BEGIN Records for processing

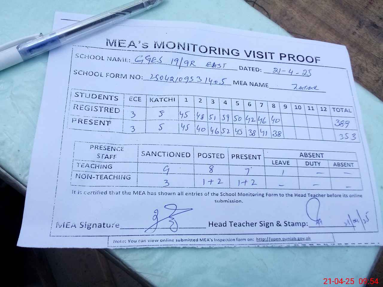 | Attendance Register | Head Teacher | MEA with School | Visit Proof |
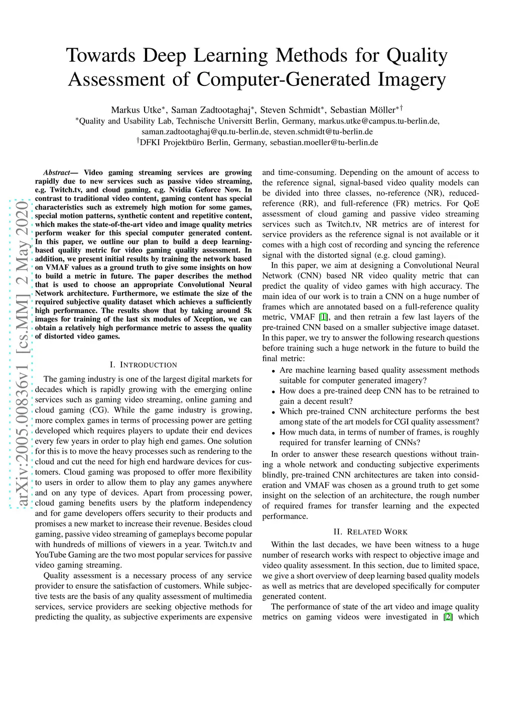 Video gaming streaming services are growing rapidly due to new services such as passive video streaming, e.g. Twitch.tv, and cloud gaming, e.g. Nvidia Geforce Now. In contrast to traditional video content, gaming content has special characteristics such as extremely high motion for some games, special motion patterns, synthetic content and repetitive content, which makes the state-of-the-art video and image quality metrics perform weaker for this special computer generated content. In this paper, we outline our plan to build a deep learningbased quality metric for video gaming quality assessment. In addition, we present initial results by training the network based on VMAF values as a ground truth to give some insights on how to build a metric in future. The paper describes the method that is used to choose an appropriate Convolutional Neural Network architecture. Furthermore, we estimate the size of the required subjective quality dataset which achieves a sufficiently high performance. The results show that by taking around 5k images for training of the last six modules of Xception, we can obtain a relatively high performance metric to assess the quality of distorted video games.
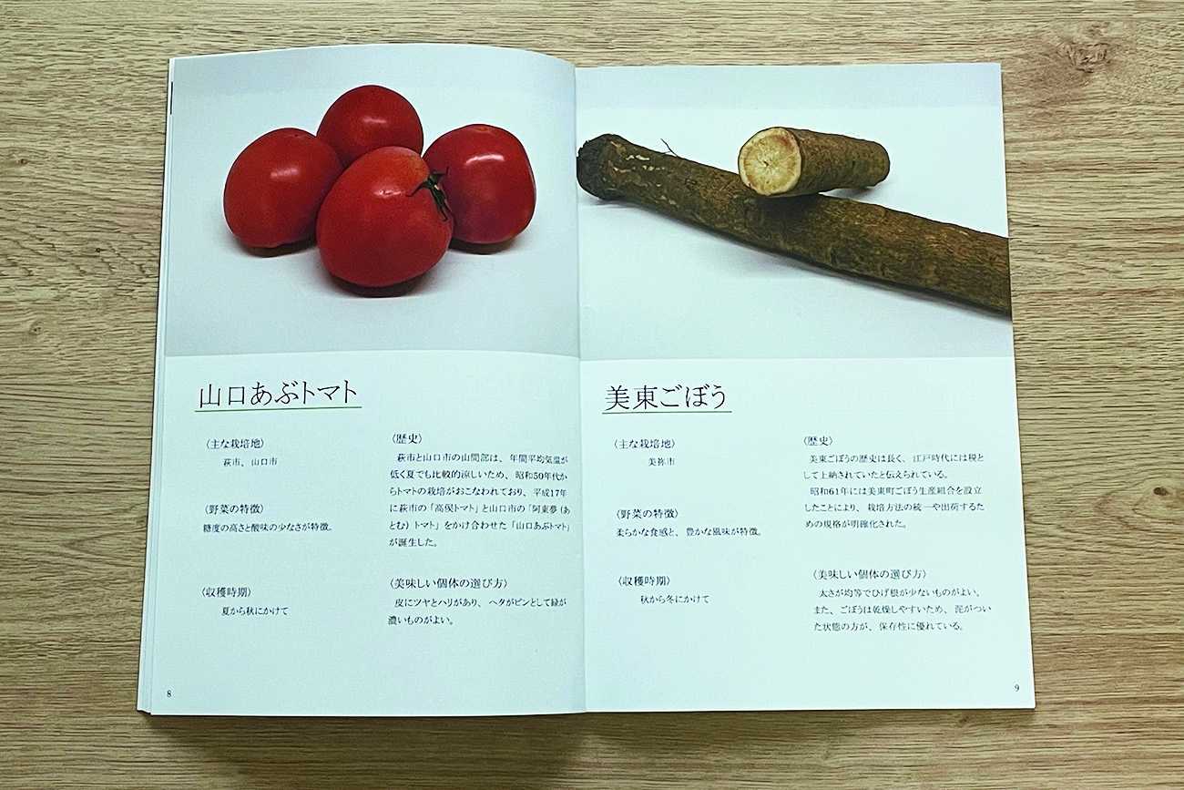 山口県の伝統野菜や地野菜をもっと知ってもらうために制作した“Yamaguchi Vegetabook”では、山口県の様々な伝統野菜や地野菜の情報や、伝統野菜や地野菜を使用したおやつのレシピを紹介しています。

END Records for processing
BEGIN Records for processing

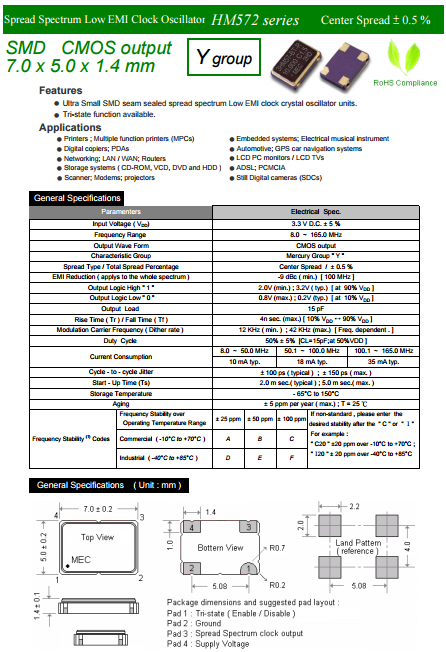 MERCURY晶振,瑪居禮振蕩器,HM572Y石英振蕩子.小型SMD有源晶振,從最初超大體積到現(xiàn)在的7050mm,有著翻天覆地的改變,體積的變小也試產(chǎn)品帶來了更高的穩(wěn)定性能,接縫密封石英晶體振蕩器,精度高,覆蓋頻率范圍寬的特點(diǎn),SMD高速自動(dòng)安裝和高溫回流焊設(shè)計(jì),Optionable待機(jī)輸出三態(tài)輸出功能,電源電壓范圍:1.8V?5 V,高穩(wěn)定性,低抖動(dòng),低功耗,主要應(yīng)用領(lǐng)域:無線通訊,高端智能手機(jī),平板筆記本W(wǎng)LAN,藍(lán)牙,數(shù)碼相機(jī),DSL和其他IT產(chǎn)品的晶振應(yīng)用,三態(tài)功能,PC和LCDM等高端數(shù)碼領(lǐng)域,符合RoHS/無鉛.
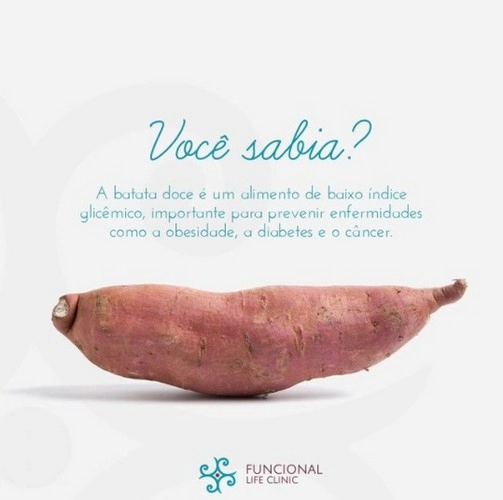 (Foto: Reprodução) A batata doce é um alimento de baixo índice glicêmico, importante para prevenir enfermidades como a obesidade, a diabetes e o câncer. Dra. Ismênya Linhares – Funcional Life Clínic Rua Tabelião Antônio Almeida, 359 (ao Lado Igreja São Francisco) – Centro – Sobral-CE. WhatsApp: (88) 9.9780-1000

END Records for processing

What you are asked to do
Output exactly the lines above, beginning at the one with "MERCURY晶振,瑪居禮振" and stopping after the one with "(Foto: Reprodução) A". Pictures are to be omitted.

Exercise solution
 MERCURY晶振,瑪居禮振蕩器,HM572Y石英振蕩子.小型SMD有源晶振,從最初超大體積到現(xiàn)在的7050mm,有著翻天覆地的改變,體積的變小也試產(chǎn)品帶來了更高的穩(wěn)定性能,接縫密封石英晶體振蕩器,精度高,覆蓋頻率范圍寬的特點(diǎn),SMD高速自動(dòng)安裝和高溫回流焊設(shè)計(jì),Optionable待機(jī)輸出三態(tài)輸出功能,電源電壓范圍:1.8V?5 V,高穩(wěn)定性,低抖動(dòng),低功耗,主要應(yīng)用領(lǐng)域:無線通訊,高端智能手機(jī),平板筆記本W(wǎng)LAN,藍(lán)牙,數(shù)碼相機(jī),DSL和其他IT產(chǎn)品的晶振應(yīng)用,三態(tài)功能,PC和LCDM等高端數(shù)碼領(lǐng)域,符合RoHS/無鉛.
 (Foto: Reprodução) A batata doce é um alimento de baixo índice glicêmico, importante para prevenir enfermidades como a obesidade, a diabetes e o câncer. Dra. Ismênya Linhares – Funcional Life Clínic Rua Tabelião Antônio Almeida, 359 (ao Lado Igreja São Francisco) – Centro – Sobral-CE. WhatsApp: (88) 9.9780-1000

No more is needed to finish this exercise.